→ **The problem**:
One exact copy of the listing, minus the images, is the required answer.

→ **Data**:

##############################

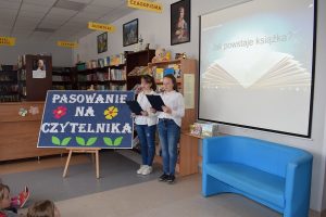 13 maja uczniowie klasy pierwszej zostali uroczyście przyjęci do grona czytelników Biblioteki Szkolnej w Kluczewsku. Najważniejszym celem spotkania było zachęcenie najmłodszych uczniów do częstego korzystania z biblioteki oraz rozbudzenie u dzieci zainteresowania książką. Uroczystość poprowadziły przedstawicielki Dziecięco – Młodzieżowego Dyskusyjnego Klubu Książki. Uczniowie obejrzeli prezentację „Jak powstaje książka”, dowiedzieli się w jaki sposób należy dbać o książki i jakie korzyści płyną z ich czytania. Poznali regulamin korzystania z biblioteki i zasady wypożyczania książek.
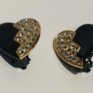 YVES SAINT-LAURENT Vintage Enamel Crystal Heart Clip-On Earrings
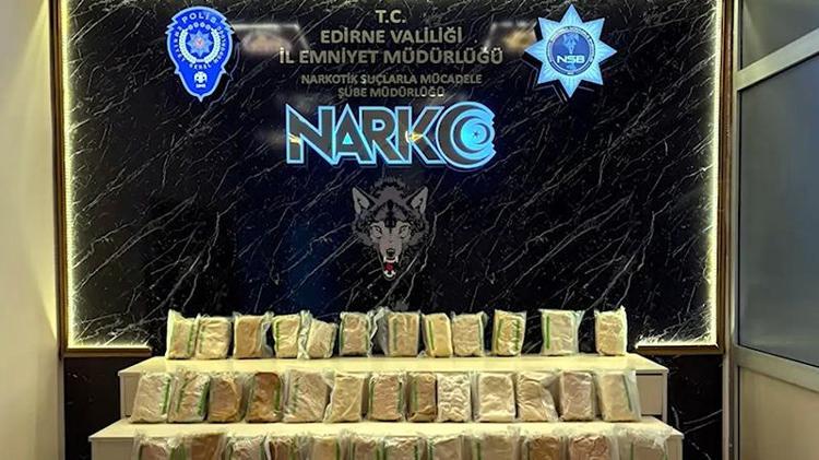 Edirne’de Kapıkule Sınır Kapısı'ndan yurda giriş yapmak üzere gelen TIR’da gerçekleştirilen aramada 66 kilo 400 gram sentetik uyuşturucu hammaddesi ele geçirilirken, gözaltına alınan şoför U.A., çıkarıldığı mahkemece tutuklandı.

##############################

→ **Written answer**:
 13 maja uczniowie klasy pierwszej zostali uroczyście przyjęci do grona czytelników Biblioteki Szkolnej w Kluczewsku. Najważniejszym celem spotkania było zachęcenie najmłodszych uczniów do częstego korzystania z biblioteki oraz rozbudzenie u dzieci zainteresowania książką. Uroczystość poprowadziły przedstawicielki Dziecięco – Młodzieżowego Dyskusyjnego Klubu Książki. Uczniowie obejrzeli prezentację „Jak powstaje książka”, dowiedzieli się w jaki sposób należy dbać o książki i jakie korzyści płyną z ich czytania. Poznali regulamin korzystania z biblioteki i zasady wypożyczania książek.
 YVES SAINT-LAURENT Vintage Enamel Crystal Heart Clip-On Earrings
 Edirne’de Kapıkule Sınır Kapısı'ndan yurda giriş yapmak üzere gelen TIR’da gerçekleştirilen aramada 66 kilo 400 gram sentetik uyuşturucu hammaddesi ele geçirilirken, gözaltına alınan şoför U.A., çıkarıldığı mahkemece tutuklandı.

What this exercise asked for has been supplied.